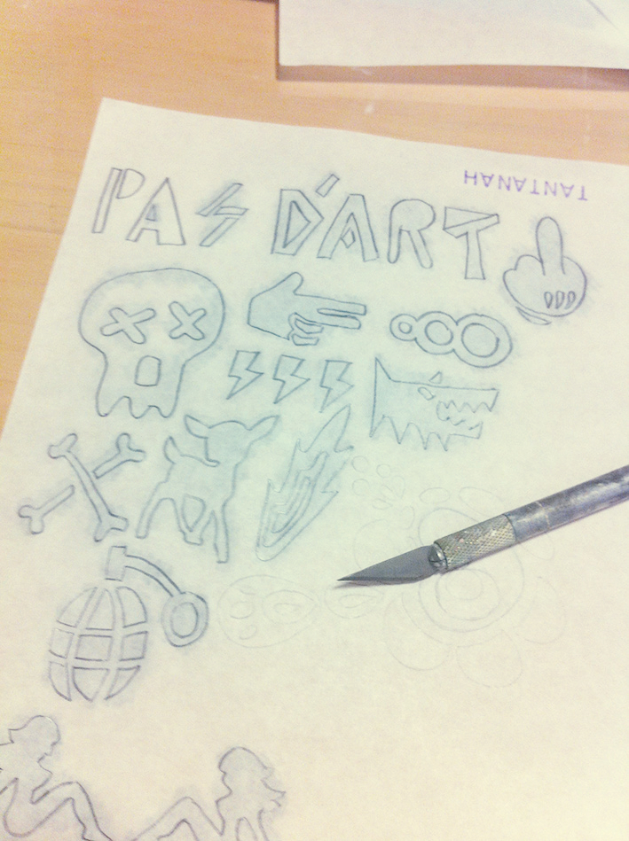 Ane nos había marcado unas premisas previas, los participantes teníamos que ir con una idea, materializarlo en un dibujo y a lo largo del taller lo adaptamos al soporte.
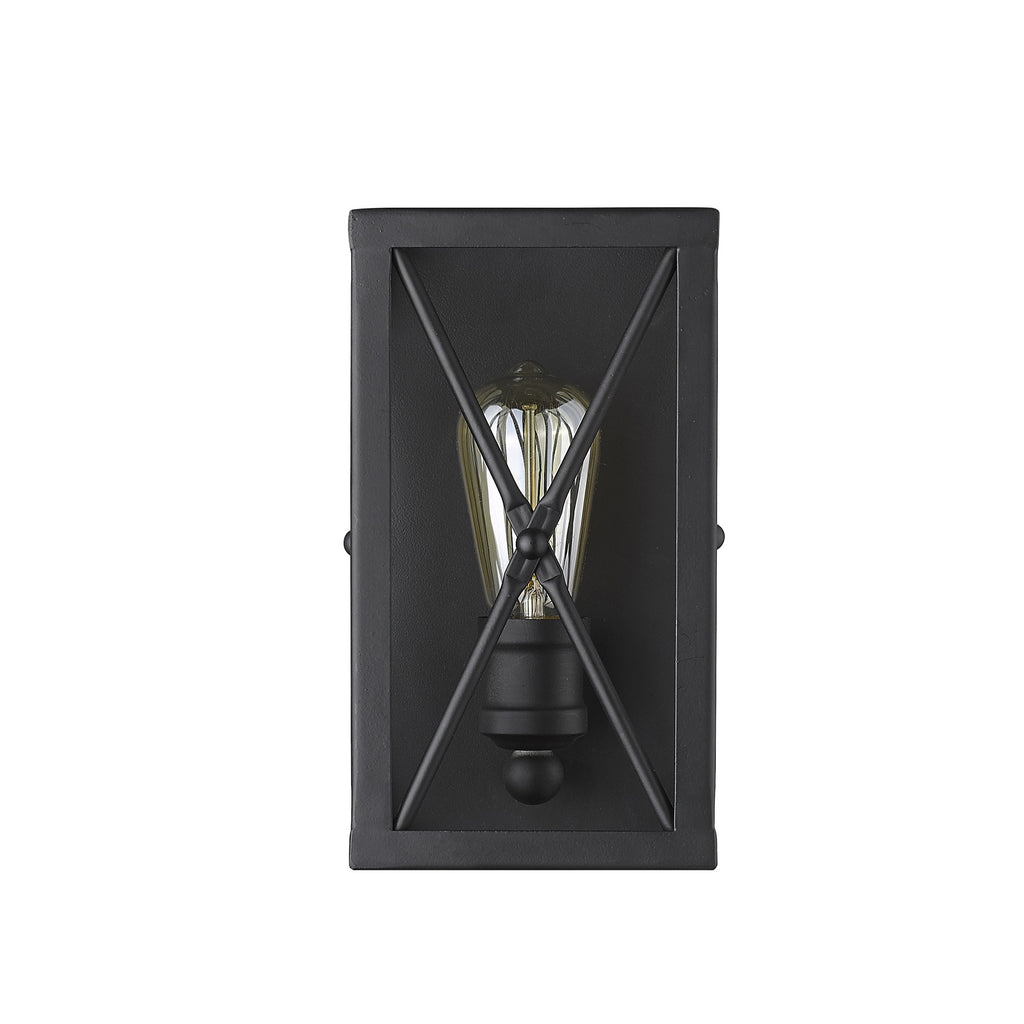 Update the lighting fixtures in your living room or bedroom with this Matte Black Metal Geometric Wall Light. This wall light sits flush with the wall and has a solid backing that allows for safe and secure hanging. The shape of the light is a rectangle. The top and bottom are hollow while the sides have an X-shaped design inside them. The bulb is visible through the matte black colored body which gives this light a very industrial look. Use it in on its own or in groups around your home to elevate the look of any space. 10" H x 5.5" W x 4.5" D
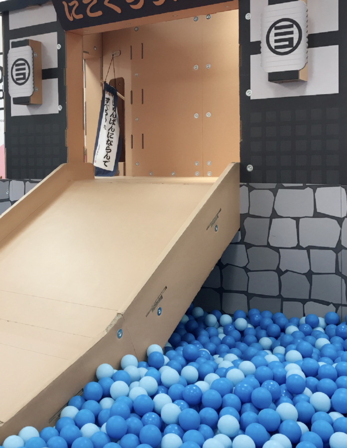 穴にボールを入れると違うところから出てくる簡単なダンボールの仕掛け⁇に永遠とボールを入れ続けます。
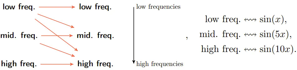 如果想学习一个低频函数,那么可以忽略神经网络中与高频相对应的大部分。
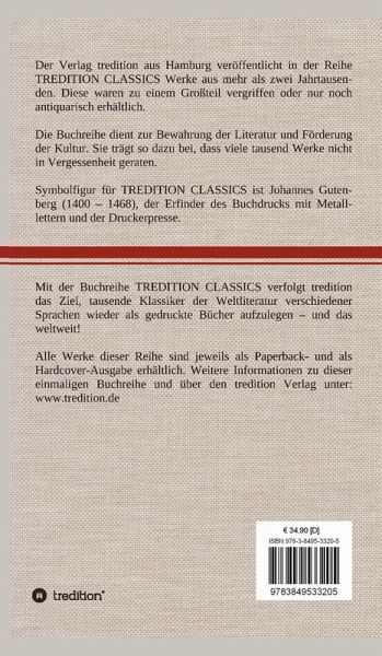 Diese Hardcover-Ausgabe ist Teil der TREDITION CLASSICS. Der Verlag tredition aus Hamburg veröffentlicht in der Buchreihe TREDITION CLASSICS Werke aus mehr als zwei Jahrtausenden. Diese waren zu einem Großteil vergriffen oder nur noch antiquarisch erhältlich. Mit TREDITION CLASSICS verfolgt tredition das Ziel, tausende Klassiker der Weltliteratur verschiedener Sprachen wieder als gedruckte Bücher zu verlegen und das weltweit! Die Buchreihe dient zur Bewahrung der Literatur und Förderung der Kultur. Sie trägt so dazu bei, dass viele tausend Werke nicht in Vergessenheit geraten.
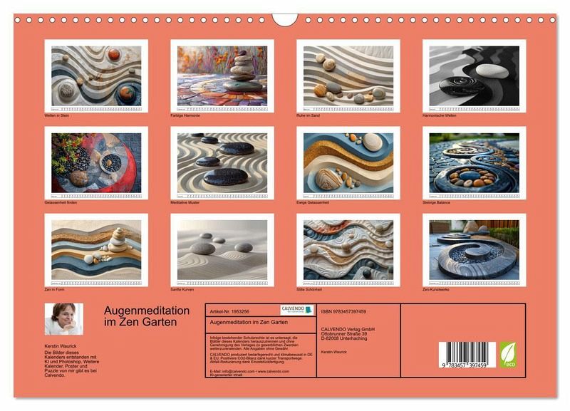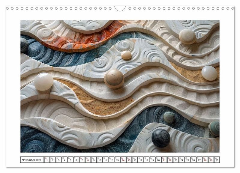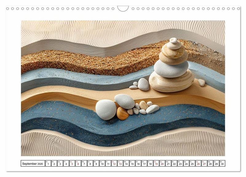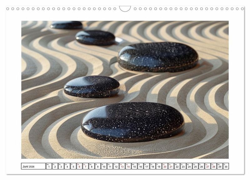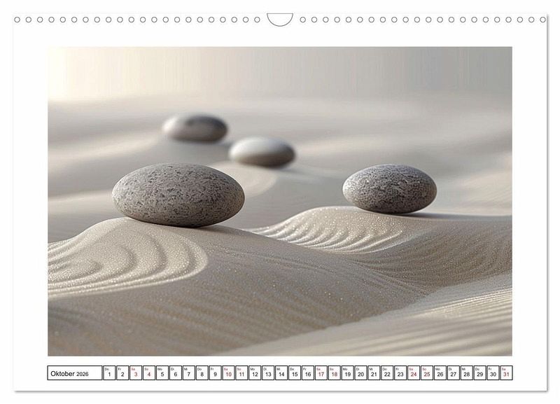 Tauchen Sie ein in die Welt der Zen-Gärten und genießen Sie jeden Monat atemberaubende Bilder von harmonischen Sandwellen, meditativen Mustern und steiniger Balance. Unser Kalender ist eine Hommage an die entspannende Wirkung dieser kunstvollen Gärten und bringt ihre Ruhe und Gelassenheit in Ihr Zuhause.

# # # # #

For this exercise, write out exactly the lines from the one with "如果想学习一个低频函数,那么可以忽略神经网络中与高频相对应的大部分。" through the last line of the records, inclusive, and leave each picture out.

### Your solution
 如果想学习一个低频函数,那么可以忽略神经网络中与高频相对应的大部分。
 Diese Hardcover-Ausgabe ist Teil der TREDITION CLASSICS. Der Verlag tredition aus Hamburg veröffentlicht in der Buchreihe TREDITION CLASSICS Werke aus mehr als zwei Jahrtausenden. Diese waren zu einem Großteil vergriffen oder nur noch antiquarisch erhältlich. Mit TREDITION CLASSICS verfolgt tredition das Ziel, tausende Klassiker der Weltliteratur verschiedener Sprachen wieder als gedruckte Bücher zu verlegen und das weltweit! Die Buchreihe dient zur Bewahrung der Literatur und Förderung der Kultur. Sie trägt so dazu bei, dass viele tausend Werke nicht in Vergessenheit geraten.
 Tauchen Sie ein in die Welt der Zen-Gärten und genießen Sie jeden Monat atemberaubende Bilder von harmonischen Sandwellen, meditativen Mustern und steiniger Balance. Unser Kalender ist eine Hommage an die entspannende Wirkung dieser kunstvollen Gärten und bringt ihre Ruhe und Gelassenheit in Ihr Zuhause.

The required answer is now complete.